The processor 550 may load the interference signal processing program 500′ and the information necessary to execute the interference signal processing program 500′ from the memory 500 in order to execute the interference signal processing program 500′.

In particular, the processor 550 may process the functions of the above-described signal processor 200 and target signal acquisition unit 300 by executing the interference signal processing program 500′. For example, the processor 550 may check a phase difference between the (2-1)-th received signal and the (2-2)-th received signal and control the phase of the (2-1)-th received signal or the (2-2)-th received signal or check the time difference between the (2-1)-th received signal and the (2-2)-th received signal and control the timing of the (2-1)-th received signal or the (2-2)-th received signal. Further, the processor 550 may obtain a target signal from which the interference signal has been canceled by subtracting the (2-2)-th received signal from the (2-1)-th received signal.

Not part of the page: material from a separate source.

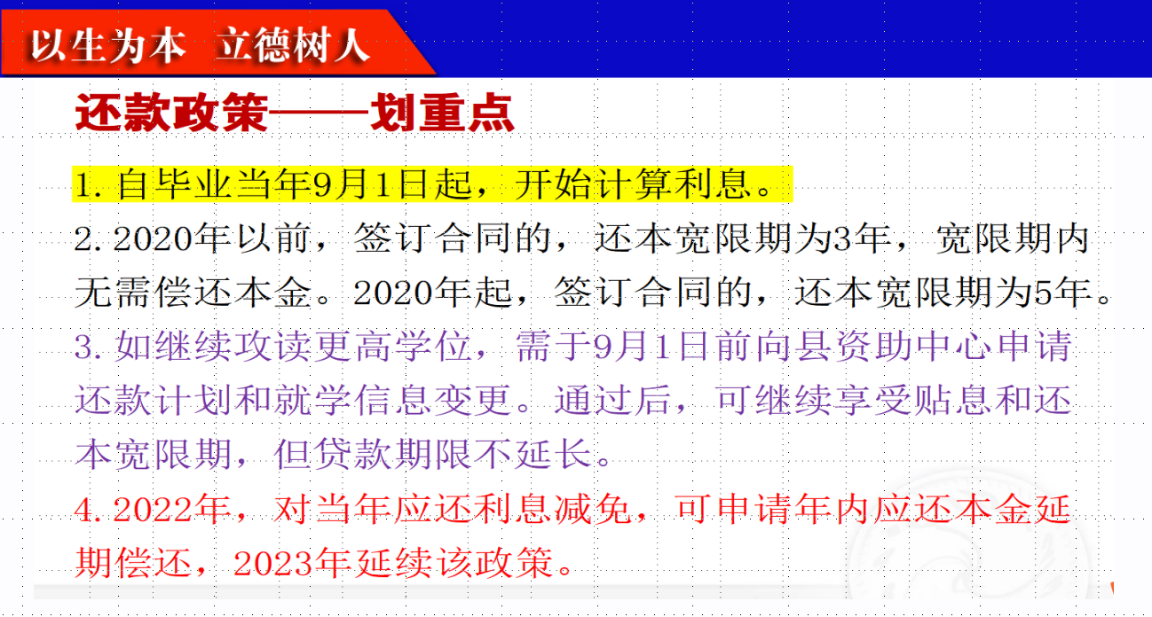 为加强诚信教育与感恩教育,准确掌握贷款毕业生基本信息,方便毕业生贷后管理,促进国家助学贷款工作的良性循环,5月26日上午,vwin德赢AC米兰官网在文科楼1104室召开了2023届毕业生离校工作会暨生源地助学贷款还款确认培训会。本次会议由学工办张云雾老师主持。

FIG. 3 is a signal graph for describing a relationship between LOs and interference signals of a main receiver and a sub-receiver.

Referring to FIG. 3, it can be ascertained that, when an interference signal (dotted line, interferer) is input to RX1 LO (a) and RX2 LO (b) having an FMCW waveform, intersections occur with a time difference.

As to an IF signal down-converted by being mixed with each LO, both a target signal (c) and an interference signal are present within an LPF bandwidth in the case of signal waveforms of RX1 (area IF1), and a signal waveform of RX2 is generated with a time difference from the interference signal of RX1 (area IF2).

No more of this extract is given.